Una vez que regresó de la cocina, se acercó a Ukko, que estaba en una silla junto a uno de los cajones blancos de la sala, y se hincó frente a él para después tomar su mano con delicadeza. Sin embargo, la sonrisa en el rostro del moreno fue sustituida por una mueca de dolor cuando Reno vertió un par de gotas de alcohol en la herida. Ukko soltó un pequeño quejido, y después frunció el ceño con enojo.
—Cariño, ya había limpiado la herida y recuerda que no deberías verter eso de esa forma —dijo la señora Beca con preocupación al ver la reacción de Ukko.
—Claro, es verdad —respondió Reno y esta vez ella fue la que fingió inocencia—. Perdón —le dijo a Ukko, mientras sonreía.
El de ojos azules miró a Reno de forma retadora, pero después sonrió, como advirtiéndole que eso no se quedaría así y no pude evitar entrecerrar los ojos en su dirección.
Ukko desvió la mirada mientras hacía gestos de dolor e intentaba suprimir algún sonido que indicara lo mucho que le estaba doliendo que la aguja entrara y saliera.

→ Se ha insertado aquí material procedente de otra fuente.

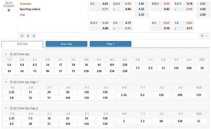 Tỷ lệ kèo ở trận đấu này được đưa ra là -1/2 trái nghiêng về Juventus và tỷ lệ này là không có gì phải bàn cãi quá nhiều. Mặc dù vậy với phong độ thi đấu hiện tại thì các nhà đầu tư nên tin tưởng vào đội khách trận này để mang về cơ hội thắng kèo cao hơn. Trong 5 trận đấu gần nhất hai của mình, Juventus đã có 3 trận đấu mang về được cho mình ít nhất là 1 bàn thắng trong hiệp đấu đầu tiên. Còn với Sporting CP, đội bóng này đã 3 có lần làm được điều này trong 45 phút đầu tiên. Với tỷ lệ kèo hiệp 1 là Juventus chấp -1/4 trái thì người chơi nên tin tưởng vào đội khách trận này.
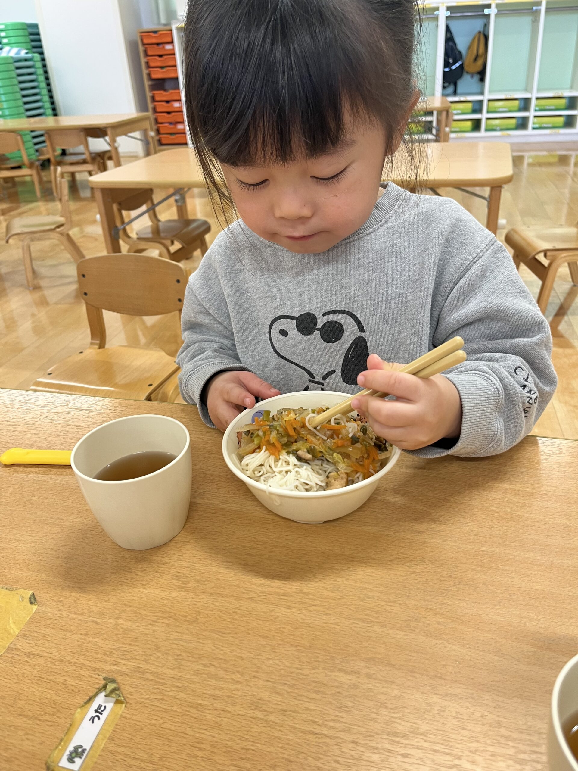 夏頃から遊びの中で練習してきたお箸。上手になってきたので給食時に使用し始めました。お箸を使えることを喜び、集中して食べています♪
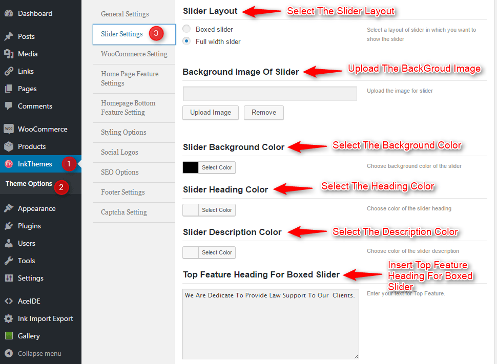 Slider image and slider link can be easily inserted with the help of the options given below.
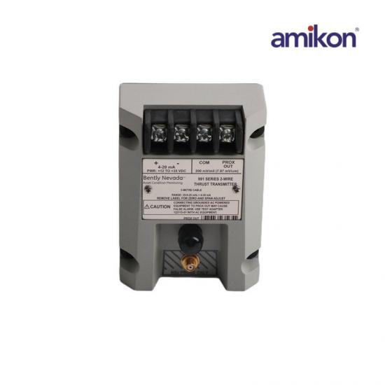 The 991-25-XX-01-CN is Vibration Transmitter.The 991 Vibration Transmitter is intended primarily for the original equipment manufacturers (OEMs) of centrifugal air compressors or small pumps, motors, or fans who prefer to provide a simple 4 to 20 mA proportional vibration signal as the input to their machinery control system. The transmitter is a 2-wire, looppowered device that accepts input from our 3300 NSv* proximity probe and its matching extension cable (available in 5 m and 7 m system length options).

—¿Dónde están los pequeños demonios? —cuestionó Reno, sin inmutarse, volviendo a centrar la mirada en lo que hacía.
—Arriba, durmiendo —respondió su madre—. Tenían mucha energía, así que pasaron toda la mañana peleando, hasta que terminaron agotados.
—No poder salir debe estarlos afectando —intervine, pensando en lo que debían sentir los mellizos.
Aunque una parte de ellos ya era capaz de entender que estando afuera corrían un gran peligro. La otra debía anhelar los días en los que iban a la escuela y podían jugar en la calle.
Renly y Riley siempre fueron caóticos. Amaban gritar, correr y ensuciar cuanto podían. Peleaban más de lo que hablaban, pero ninguno podía pasar más de 10 minutos separado del otro.
—Pero si ellos siempre han sido así —habló Reno, mientras se levantaba y tomaba algunas pastillas del botiquín. Le tendió una a Ukko y luego se acercó para darme la otra.
—¿Tú te sientes bien? —cuestionó mi madre mirando a Reno y esta asintió, sonriéndole.
—¿Qué tal tu medicación? —cuestionó la señora Beca, pero Reno no respondió de inmediato.
Ella nunca había tenido problema con hablar respecto al tema frente a mí o a mi madre. Sin embargo, en ese momento, Ukko y Julia también estaban escuchando y Reno no era de las personas a las que les gustara que se dejara en evidencia cuando algo le preocupaba, y yo sabía que últimamente el tema de su tratamiento le causaba ansiedad, pues la repentina aparición de los zombies había dificultado todo en nuestras vidas.